In the other semifinal, defending state champion Magruder (23-2) will meet Baltimore Polytechnic. The point guard matchup in that game should be another key storyline, as Magruder’s diminuitive, but gritty leader JJ Epps meets a highly touted junior prospect in Poly’s John Crosby.

Strong guard play is critical at this time of the season, but this semifinal field seems particularly deep at the point guard position, Magruder Coach Dan Harwood said.

“This year, I think it’s pretty good,” Harwood said. “Point guard…you can do without one, but not many teams do.”

Epps and Wright arrive at Comcast Center with plenty of experience, having played on this stage the last couple of years. Epps is a four-year starter won a state title last year, while Wright carried his team to the state semifinal against Roosevelt before losing in the final minute in 2012, a year after he helped the Eagles win the 4A championship in 2011.

That experience should give the Eagles and Colonels a boost in their respective games, but both players will be tested against long, rangy guards on Thursday.

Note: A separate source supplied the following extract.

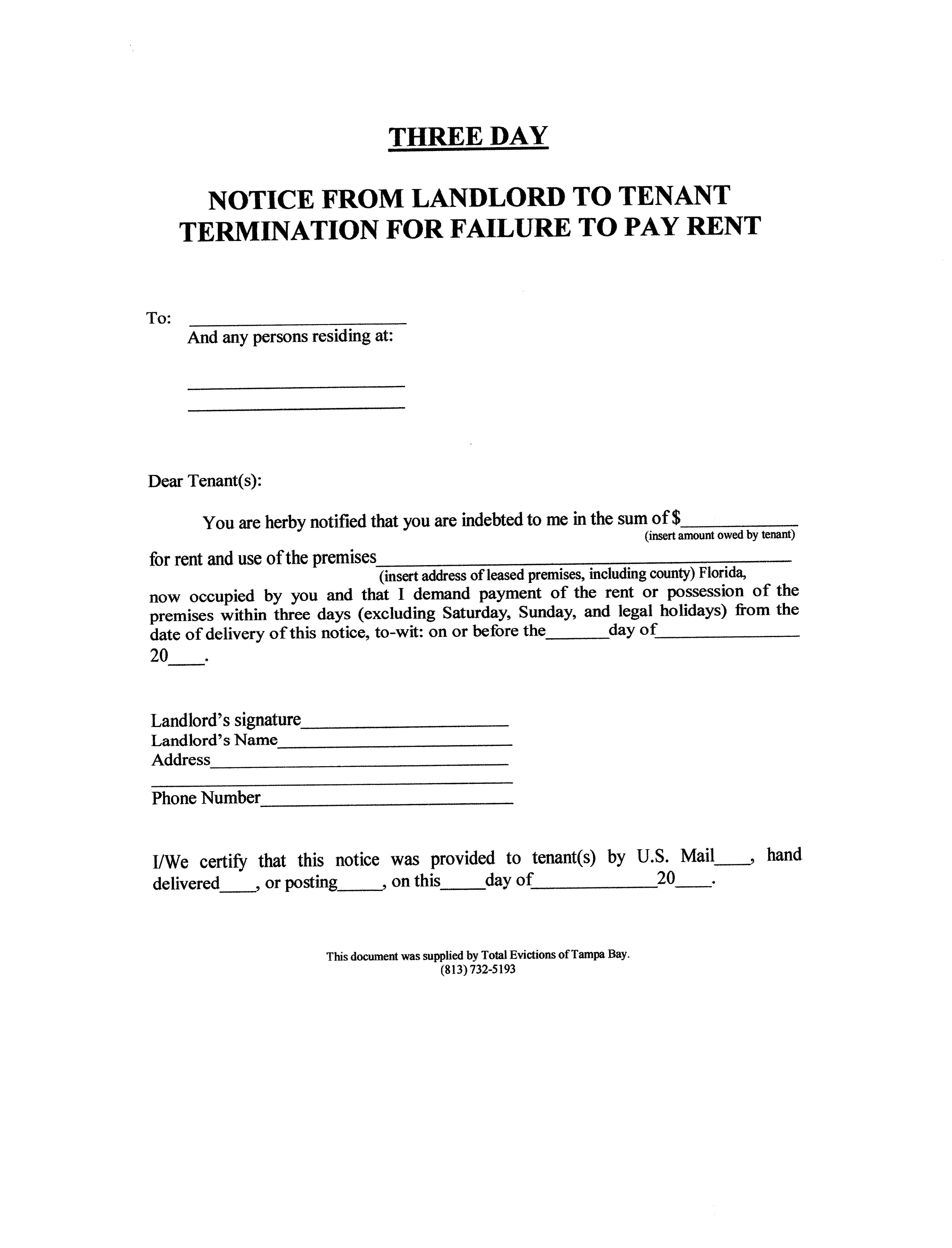 VERY IMPORTANT: DO NOT count the day you delivered the notice and give the tenant 3 FULL DAYS. Example: If you deliver the notice on Wednesday, the 21st, the tenant gets Thursday, Friday and Monday and the demand payment day is Monday, the 26th, provided there are NO holidays (check court observed holidays). Three Day Notice (SAMPLE)

Matey isn’t a prolific scorer, but at 6-feet, he presents an intriguing challenge for Wright (6-1). Meantime, the 5-foot-6 Epps could have his hands full against the 6-foot-3 Crosby. Whether the players are checking each other defensively will depend on coaching strategy, but at the very least, a stable of versatile and unique point guards will be on display Thursday night.

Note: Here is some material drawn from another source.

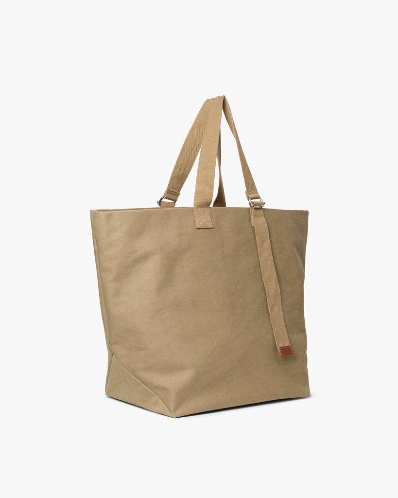 En rymlig shopper-väska tillverkad i kraftig bomullscanvas med ett naturligt, avslappnat uttryck. Den har två justerbara axelremmar med en hängande detalj och stängs med en hake. Invändigt finns en dragkedjeficka och en öppen ficka. Läderdetaljer och förstärkt botten ger extra hållbarhet.

“You’re seeing teams that you don’t usually play against,” said Harwood. “You’re going be seeing some different defenses from some different players and it’s a little more improvising sometimes … that’s why it’s important to have a guard.”

The number of postseason wins combined for North Point’s Marquis Wright (13) and Magruder’s JJ Epps (11) since joining their respective varsity teams as freshmen in 2009. The two players met just once in the postseason, in the 2011 Maryland 4A semifinal, with North Point winning 71-56.

— The Post’s Eric Detweiler catches up with Thomas Stone’s Michael Briscoe, who is still awaiting his first scholarship offer.
— Former St. John’s and Georgetown star Chris Wright joined the Dallas Mavericks on Wednesday, becoming the first known NBA player to compete with multiple sclerosis. It’s been a long journey back to the hardwood for Wright.
— Gonzaga alumnus Ian Hummer continued a strong family tradition of playing basketball at Princeton, and now is the Ivy league Player of the Year.

No. 4 North Point vs. No. 5 Eleanor Roosevelt at Comcast Center, 9 p.m.
This rematch from last year’s 4A state semifinal (Eleanor Roosevelt won, 65-63) will feature two of the area’s top teams looking to advance to Saturday night’s title game. The nightcap headlines a strong day of playoff basketball action at the Comcast Center, which will also host Reservoir (19-6) vs. Potomac (Md.) (21-3) in a 3A semifinal at 5 p.m. and the 4A semifinal between Magruder and Baltimore Polytechnic at 7.